There is the positive side which is the ability to create online communities, engage within interests across borders. There is agency within it but it gets distorted within feedback loops. You become it and it becomes you, if you get to the end of your life and you’ve spent a certain amount of time doing something, then that is a big part of you. Just in the same way doing something meaningful with your time would feel like a part of your identity, the endless scrolling and consuming also is, yet most of us wouldn’t define ourselves by it.
Does that make you conscious of how you interact with it?
In a way, but we are all aware that we are subject to these influences and yet we maintain insistence on individual expression and individuality. It’s a funny paradox. yet we still do it and we can’t escape from it. I think this element of acceptance or perhaps cynical surrender has made the work more contemporary.
Yes, now you have this studio right in the centre of London.

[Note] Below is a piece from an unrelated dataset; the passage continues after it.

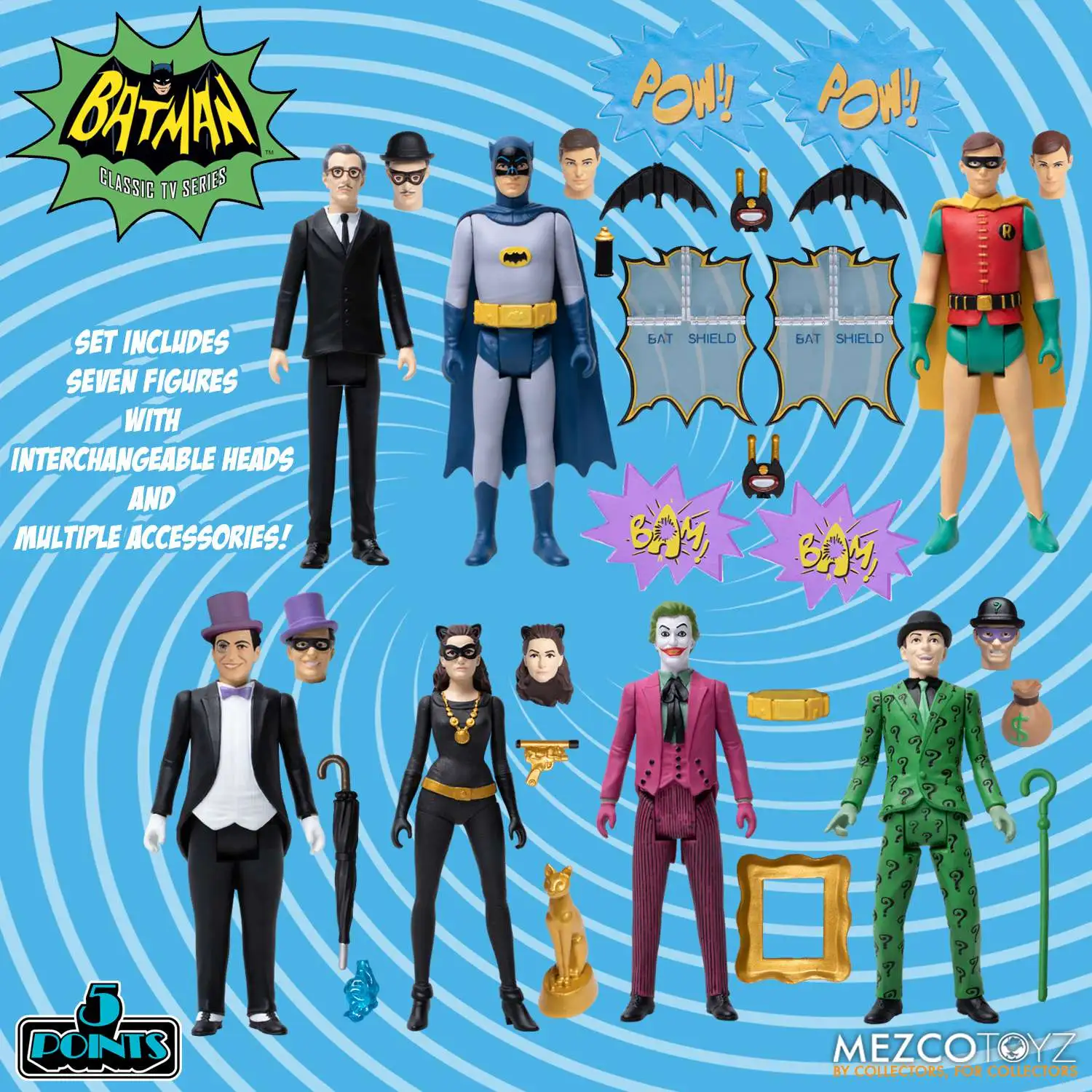 The 5 Points Batman (1966): Deluxe Boxed Set contains everyones favorite crime-fighting duo and a variety of Gotham Citys most notorious villains, each complete with their own interchangeable heads and accessories.

Yes, it's maybe why my work started to change, I wanted to incorporate that side of our world and not reject it. I was always quite ambivalent about it and now I am trying to accept as part of who I am and who we are going forward. That’s not to say I think the way individual and social life is advancing is entirely a good right now. I think embodied or communal experience is really important for humans. And yet my figures are very isolated and longing. It’s an expression of being between worlds and coming to terms with that.
Which almost makes them a warning?
Sort of, they’re definitely ambivalent. I feel more fulfilled when I am able to do things involving the body; it’s probably what engages me in painting itself. With the increased digitization and capitalization of life, it can be harder to find unmediated spaces. Capitalism
is very good at taking over anything and transforming it into a transaction or product. Like with advertising, it takes something originally genuine like a human emotion and transforms it and makes it transactional.
For me, I’ve always found it important to try and find ways to keep a part of myself outside of systematic existence, but capitalism’s expansionary nature sometimes makes it feel like the endpoint is that nothing will be outside of it. Escaping it in a city is especially hard, so I think in my work I want to investigate that engagement but perhaps ambivalence towards elements of the current societal direction.